Despite a $40 billion state budget, biosecurity spending is going backwards. Over the next three years, funding drops from $161 million in 2025–26, to $140 million in 2026–27, and just $136 million in 2027–28. Factor in inflation, and we’re slashing response capacity at the exact moment we need to ramp it up. Meanwhile, the same government is proudly spending $368 million on a single wind farm at King Rocks and pouring more into Warradarge. Here’s a memo: you can’t defend biodiversity with a turbine. If shot-hole borer hasn’t fired a shell across the government’s bows, then nothing will.

What we need is an external review of DPIRD with one job: carve out a standalone Department of Biosecurity with a growing budget and a clear mission — to fund 561 boots-on-the-ground professionals: researchers, pathologists, inspectors, mobile labs, strike teams, and above all, long-term investment in biological warfare of the fungal and parasitic kind.

While they are at it carve our grains research into another stand alone entity ready to hoover up a large part of the $600m of surplus GRDC funds and use that money to help protect our grain farmers for biological risks.

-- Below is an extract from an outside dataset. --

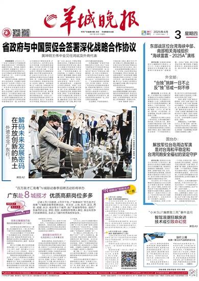 中共广东省委主管、主办 羊城晚报社出版 1957年10月1日创刊 26℃ 11℃ 2025年4月3日 乙巳年三月初六 星期四 责编/袁婧 美编/
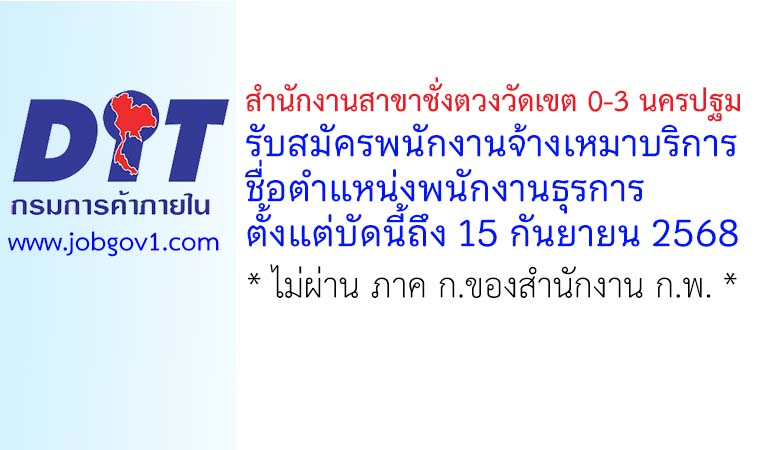 สำนักงานสาขาชั่งตวงวัดเขต 0-3 นครปฐม รับสมัครพนักงานจ้างเหมาบริการ ตำแหน่งพนักงานธุรการ ตั้งแต่บัดนี้ถึง 15 กันยายน 2568

In a globalised world, the enemy doesn’t wave a flag — it arrives in potting mix, hides in shipping pallets, and hitches rides on muddy boots. Once it’s in, it’s in for good. This is a silent insurgency: no headlines, no medals — just dying trees, dead crops, collapsing ecosystems, and mounting trade bans. We know exactly what needs to be done. The only question is whether this minister — or the next, or the one after — has the guts to walk into the Premier’s office and say the truth out loud: DPIRD isn’t up to the job, and if we don’t rebuild biosecurity from the ground up, the next bug won’t just kill trees or wheat crops— it’ll kill our political reputation.